1 October 1941 as part of Operation Typhoon 2nd panzer group Guderian, Heinz Wilhelm / Guderian Army Group "Center" broke through the defense of its central sector 13th army Of the Bryansk Front A. I. Eremenko to the full depth and advanced 60 km. On 1 October, 24th Motorized Corps occupied Sevsk. The city was liberated by the 2nd Panzer Army on 2 March 1943 as part of the Dmitriev-Sevskaya operation, but on 27 March was again captured by the Germans. Finally released in September 1943 as part of the Bryansk operation.

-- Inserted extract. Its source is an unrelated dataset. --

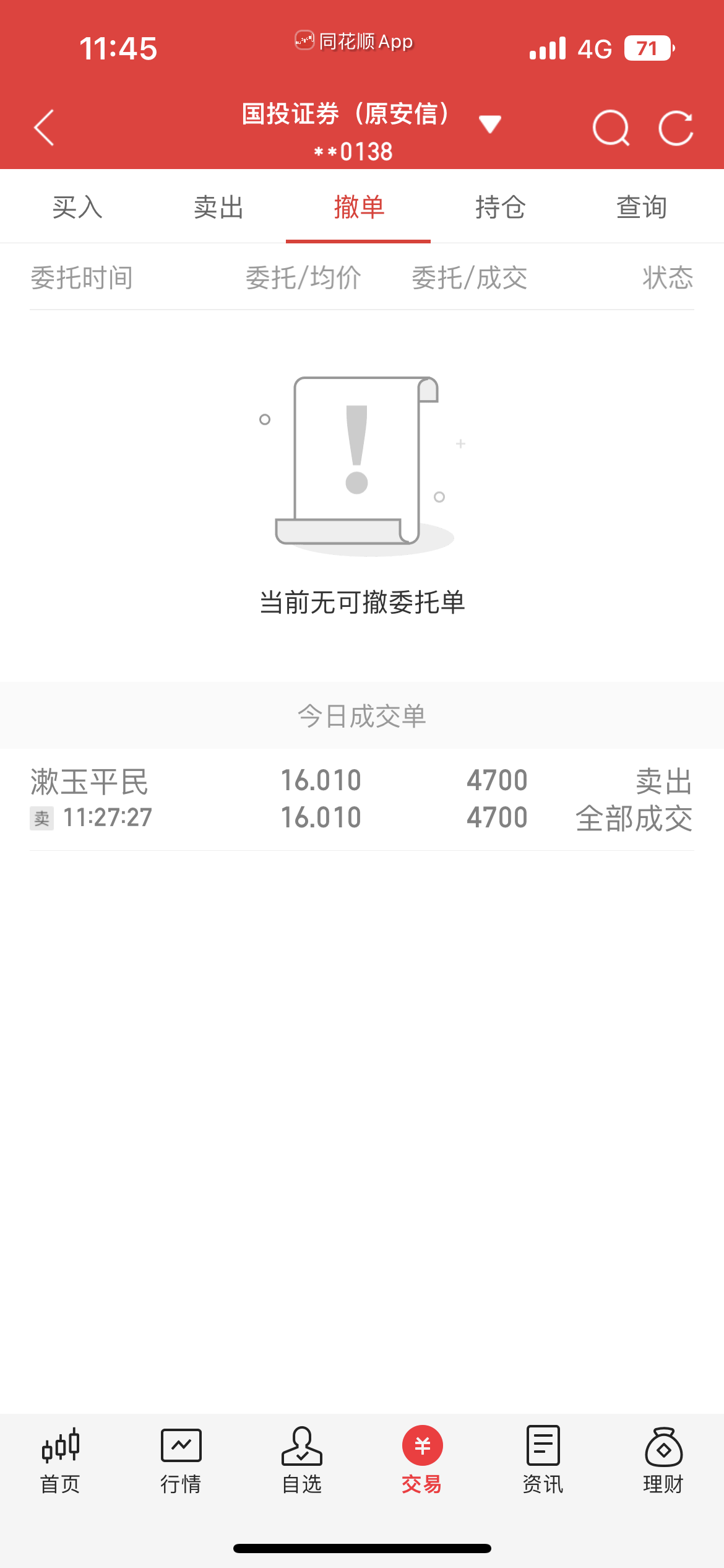 感谢装大哥,昨天200手没有成交,今天全部还你 谢谢哦!

==Administrative and municipal status==
Within the framework of administrative divisions, Sevsk serves as the administrative center of Sevsky District. As an administrative division, it is, together with four rural localities, incorporated within Sevsky District as Sevsky Urban Administrative Okrug. As a municipal division, Sevsky Urban Administrative Okrug is incorporated within Sevsky Municipal District as Sevskoye Urban Settlement.

==Architecture==
Architectural monuments include the remnants of defensive walls of the medieval fortress and the churches of Kazan Virgin (1760), Ascension (1765), and Sts. Peter and Paul (1809). Sevsk used to have two cathedrals, one dating to 1782 and another to 1811. Both cathedrals were destroyed during Stalin's rule, but their bell towers still stand.